** SUPPLIED MATERIAL **
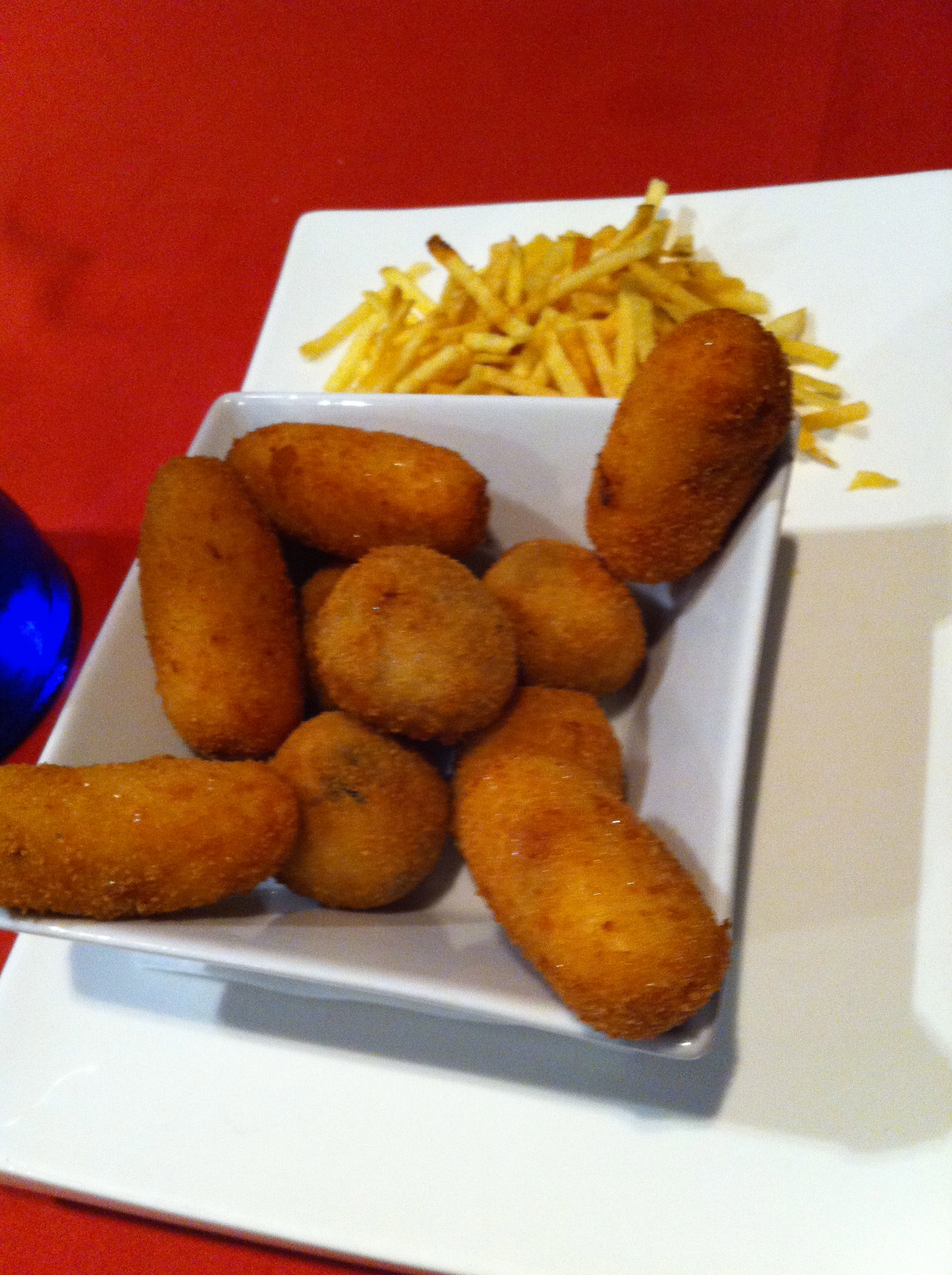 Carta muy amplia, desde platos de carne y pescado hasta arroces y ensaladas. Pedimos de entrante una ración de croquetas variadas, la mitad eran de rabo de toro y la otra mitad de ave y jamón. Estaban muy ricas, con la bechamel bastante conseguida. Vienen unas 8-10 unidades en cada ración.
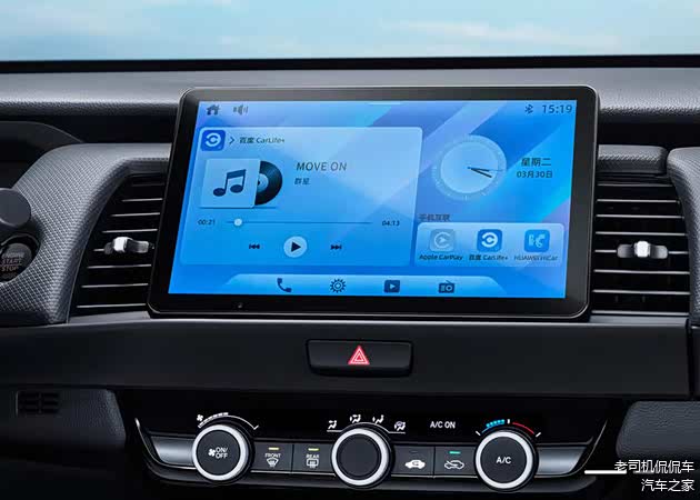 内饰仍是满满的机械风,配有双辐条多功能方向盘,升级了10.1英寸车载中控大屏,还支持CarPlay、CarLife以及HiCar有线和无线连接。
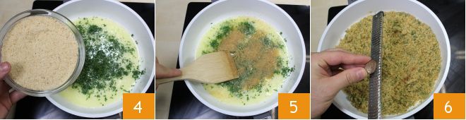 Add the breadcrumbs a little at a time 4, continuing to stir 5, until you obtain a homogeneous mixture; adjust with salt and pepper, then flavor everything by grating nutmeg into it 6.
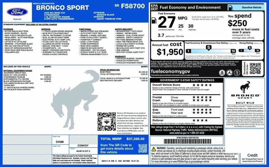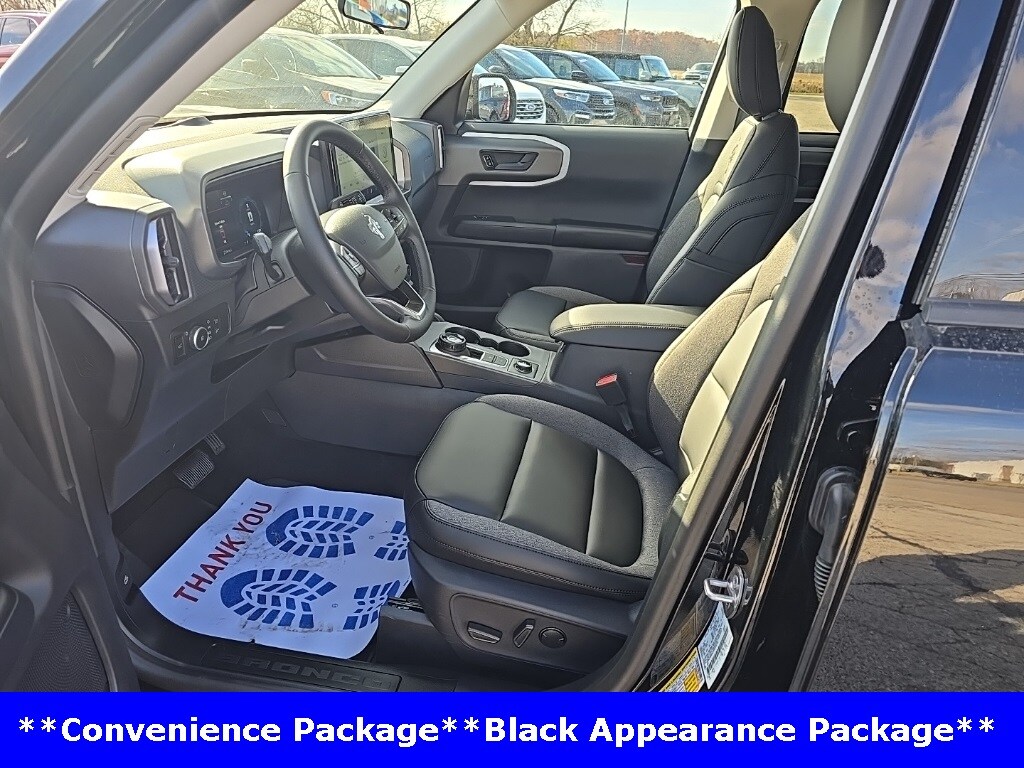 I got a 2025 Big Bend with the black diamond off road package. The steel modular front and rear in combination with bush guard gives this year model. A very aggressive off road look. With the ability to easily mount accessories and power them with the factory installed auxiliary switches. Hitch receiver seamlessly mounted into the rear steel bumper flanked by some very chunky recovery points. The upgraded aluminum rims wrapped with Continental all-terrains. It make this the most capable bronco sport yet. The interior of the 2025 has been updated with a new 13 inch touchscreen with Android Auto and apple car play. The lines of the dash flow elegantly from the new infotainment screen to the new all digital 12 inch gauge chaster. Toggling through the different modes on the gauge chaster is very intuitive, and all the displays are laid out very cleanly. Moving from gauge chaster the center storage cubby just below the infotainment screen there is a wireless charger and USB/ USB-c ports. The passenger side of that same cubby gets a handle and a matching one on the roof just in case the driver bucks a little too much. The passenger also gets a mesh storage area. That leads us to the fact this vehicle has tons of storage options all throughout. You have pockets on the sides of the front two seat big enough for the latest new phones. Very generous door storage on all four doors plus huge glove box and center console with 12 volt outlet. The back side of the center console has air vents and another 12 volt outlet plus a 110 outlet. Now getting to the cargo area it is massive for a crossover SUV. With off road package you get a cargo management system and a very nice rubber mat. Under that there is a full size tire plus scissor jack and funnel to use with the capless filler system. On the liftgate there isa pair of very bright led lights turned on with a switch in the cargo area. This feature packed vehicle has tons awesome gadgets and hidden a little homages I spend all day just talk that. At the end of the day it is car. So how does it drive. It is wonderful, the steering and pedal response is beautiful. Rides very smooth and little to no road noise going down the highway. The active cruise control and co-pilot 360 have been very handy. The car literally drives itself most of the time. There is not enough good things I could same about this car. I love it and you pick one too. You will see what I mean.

==

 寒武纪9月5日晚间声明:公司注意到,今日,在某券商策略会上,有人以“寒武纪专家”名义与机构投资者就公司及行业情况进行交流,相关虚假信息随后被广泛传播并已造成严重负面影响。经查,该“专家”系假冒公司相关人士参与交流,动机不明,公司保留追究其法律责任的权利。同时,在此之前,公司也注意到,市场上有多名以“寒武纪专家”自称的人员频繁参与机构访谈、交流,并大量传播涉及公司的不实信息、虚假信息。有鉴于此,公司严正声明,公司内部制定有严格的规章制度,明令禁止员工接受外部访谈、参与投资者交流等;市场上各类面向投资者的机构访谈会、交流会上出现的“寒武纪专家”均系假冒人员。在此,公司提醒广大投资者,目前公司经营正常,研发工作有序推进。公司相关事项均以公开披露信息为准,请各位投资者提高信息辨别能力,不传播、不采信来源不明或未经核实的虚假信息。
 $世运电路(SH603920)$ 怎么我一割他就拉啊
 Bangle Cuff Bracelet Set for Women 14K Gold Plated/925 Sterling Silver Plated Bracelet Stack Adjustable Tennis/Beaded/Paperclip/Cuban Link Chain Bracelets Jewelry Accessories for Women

...

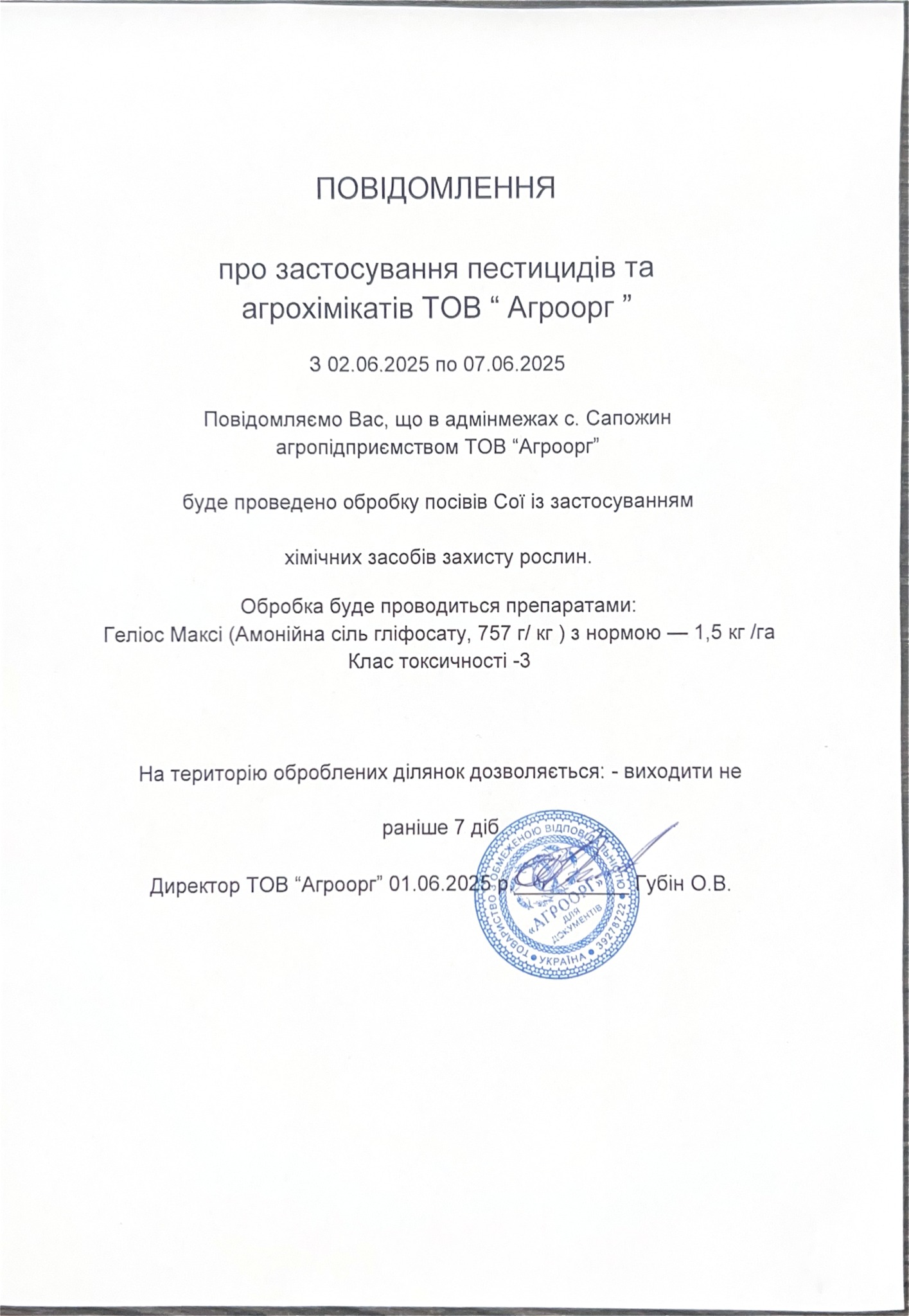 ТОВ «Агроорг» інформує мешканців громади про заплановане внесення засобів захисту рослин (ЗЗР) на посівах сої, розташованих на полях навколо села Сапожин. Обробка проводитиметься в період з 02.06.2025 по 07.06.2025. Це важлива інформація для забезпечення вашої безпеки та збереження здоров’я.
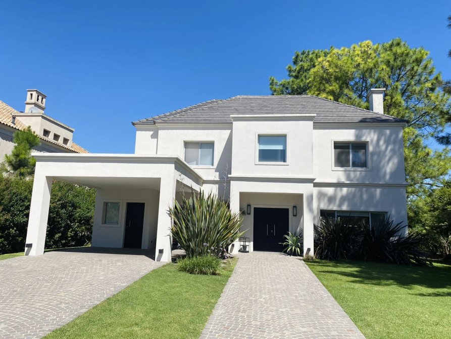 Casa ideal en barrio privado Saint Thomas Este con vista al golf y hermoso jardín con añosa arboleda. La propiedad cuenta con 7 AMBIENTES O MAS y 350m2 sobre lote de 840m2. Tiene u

** WHAT YOU SHOULD DO **
Beginning at the line above with "寒武纪9月5日晚间声明:公司" and finishing at the line with "Bangle Cuff Bracelet", return each line exactly and return nothing else.

** RESULT OF THE TASK **
 寒武纪9月5日晚间声明:公司注意到,今日,在某券商策略会上,有人以“寒武纪专家”名义与机构投资者就公司及行业情况进行交流,相关虚假信息随后被广泛传播并已造成严重负面影响。经查,该“专家”系假冒公司相关人士参与交流,动机不明,公司保留追究其法律责任的权利。同时,在此之前,公司也注意到,市场上有多名以“寒武纪专家”自称的人员频繁参与机构访谈、交流,并大量传播涉及公司的不实信息、虚假信息。有鉴于此,公司严正声明,公司内部制定有严格的规章制度,明令禁止员工接受外部访谈、参与投资者交流等;市场上各类面向投资者的机构访谈会、交流会上出现的“寒武纪专家”均系假冒人员。在此,公司提醒广大投资者,目前公司经营正常,研发工作有序推进。公司相关事项均以公开披露信息为准,请各位投资者提高信息辨别能力,不传播、不采信来源不明或未经核实的虚假信息。
 $世运电路(SH603920)$ 怎么我一割他就拉啊
 Bangle Cuff Bracelet Set for Women 14K Gold Plated/925 Sterling Silver Plated Bracelet Stack Adjustable Tennis/Beaded/Paperclip/Cuban Link Chain Bracelets Jewelry Accessories for Women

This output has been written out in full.